Spanning tree methods¶
The recom()
proposal function operates on spanning trees of the
adjacency graph in order to generate new contiguous districting plans with balanced population.
The gerrychain.tree
submodule exposes some helpful functions for partitioning graphs
using spanning trees methods. These may be used to implement proposal functions or to generate
initial plans for running Markov chains, as described in MGGG’s 2018 Virginia House of Delegates
report.
This module provides tools and algorithms for manipulating and analyzing graphs, particularly focused on partitioning graphs based on population data. It leverages the NetworkX library to handle graph structures and implements various algorithms for graph partitioning and tree traversal.

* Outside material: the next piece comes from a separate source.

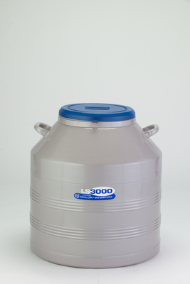 Laboratory Storage System, LS3000^ Aluminum refrigerator designed for 3000 2mL vials in box type racks. Static holding time is 106 days. Evaporation rate is 0.76L per day. Liquid N2 capacity is 81L. Neck diameter is 216mm. Overall height is 482mm. Overall diameter is 731mm.
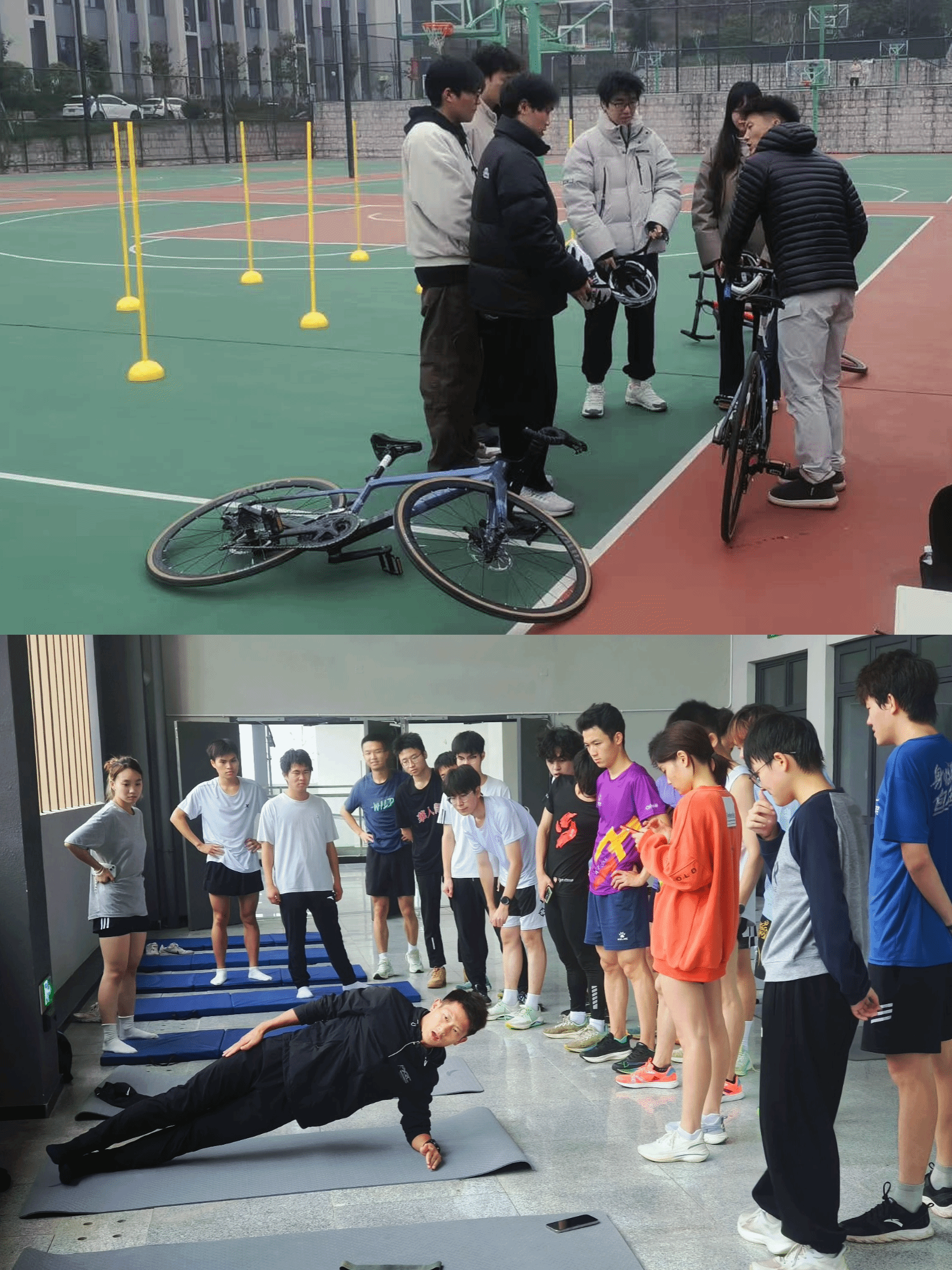 教育与训练并重,马明秀教练在我校开设铁人三项竞赛组织与裁判选修课课程,覃桂都教练倾心打造自行车运动与技术课程,为学生们拓宽知识视野、提升专业技能筑牢根基,全方位助力队员在铁人三项运动领域的深耕细作。

Key functionalities include:
Predecessor and successor functions for graph traversal using breadth-first search.
Implementation of random and uniform spanning trees for graph partitioning.
The PopulatedGraph class, which represents a graph with additional population data, and methods for assessing and modifying this data.
Functions for finding balanced edge cuts in a populated graph, either through contraction or memoization techniques.
A suite of functions (bipartition_tree, recursive_tree_part, get_seed_chunks, etc.) for partitioning graphs into balanced subsets based on population targets and tolerances.
Utility functions like get_max_prime_factor_less_than and recursive_seed_part_inner to assist in complex partitioning tasks.
Dependencies:
networkx: Used for graph data structure and algorithms.
random: Provides random number generation for probabilistic approaches.
typing: Used for type hints.
Last Updated: 25 April 2024
-
exception
gerrychain.tree.
BipartitionWarning
[source]¶ Generally raised when it is proving difficult to find a balanced cut.
-
class
gerrychain.tree.
Cut
¶ Represents a cut in a graph.
Create new instance of Cut(edge, weight, subset)
-
edge
¶ The edge where the cut is made. Defaults to None.
-
subset
¶ The (frozen) subset of nodes on one side of the cut. Defaults to None.
-
weight
¶ The weight assigned to the edge (if any). Defaults to None.
-
-
class
gerrychain.tree.
PopulatedGraph
(graph: networkx.classes.graph.Graph, populations: Dict, ideal_pop: Union[float, int], epsilon: float)[source]¶ A class representing a graph with population information.
- Variables
graph – The underlying graph structure.
subsets – A dictionary mapping nodes to their subsets.
population – A dictionary mapping nodes to their populations.
tot_pop – The total population of the graph.
ideal_pop – The ideal population for each district.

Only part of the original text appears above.